1. A method for using versioned write locks with parallel nested transactions, the method comprising the steps of:

concurrently executing the closed nested transaction of the parent transaction as a parallel nested transaction in the transactional memory;

when a transactional memory word changes from a write lock to a versioned write lock, forming an entry in a global versioned write lock map to store a pointer to a write log entry that the versioned write lock replaces (344), wherein the versioned write lock includes a version number of an object when the transactional memory word is still write locked; and

when the versioned write lock is encountered during execution of the parallel nested transaction, the global versioned write lock map is consulted to convert the versioned write lock to a pointer to the write log entry (346).

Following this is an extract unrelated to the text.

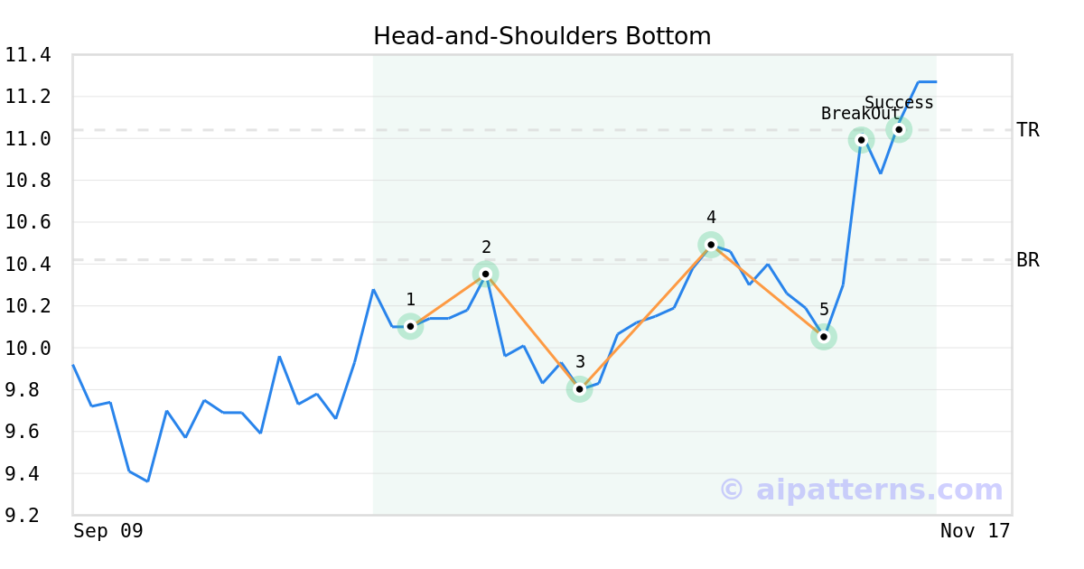 On November 04, 2025, A.I.dvisor detected a Head-and-Shoulders Bottom Pattern (Bullish) for Dynavax Technologies Corp (DVAX, $10.05). On November 06, 2025, A.I.dvisor confirmed the Bullish pattern, setting a target price of $11.04. 4 days later, on November 10, 2025, DVAX reached the target price resulting in a for traders who took a long position in the stock.

2. The method of claim 1, wherein, using the versioned write lock, a parallel nested transaction is able to acquire and release a lock held by the parent transaction to properly synchronize without breaking an isolation boundary of the parent transaction (352).

3. The method of claim 1, wherein a version number stored in the transactional memory word is always incremented, whether held in a version count pair or the versioned write lock (348).

4. The method of claim 1, further comprising the steps of:

upon acquiring a pessimistic read, the transactional memory word is switched to the versioned write lock to provide space for storing a count of pessimistic readers, and the versioned write lock now indicates that there is a possibility that a sibling transaction has performed a pessimistic read (796) of an object to which the parent transaction has write-locked.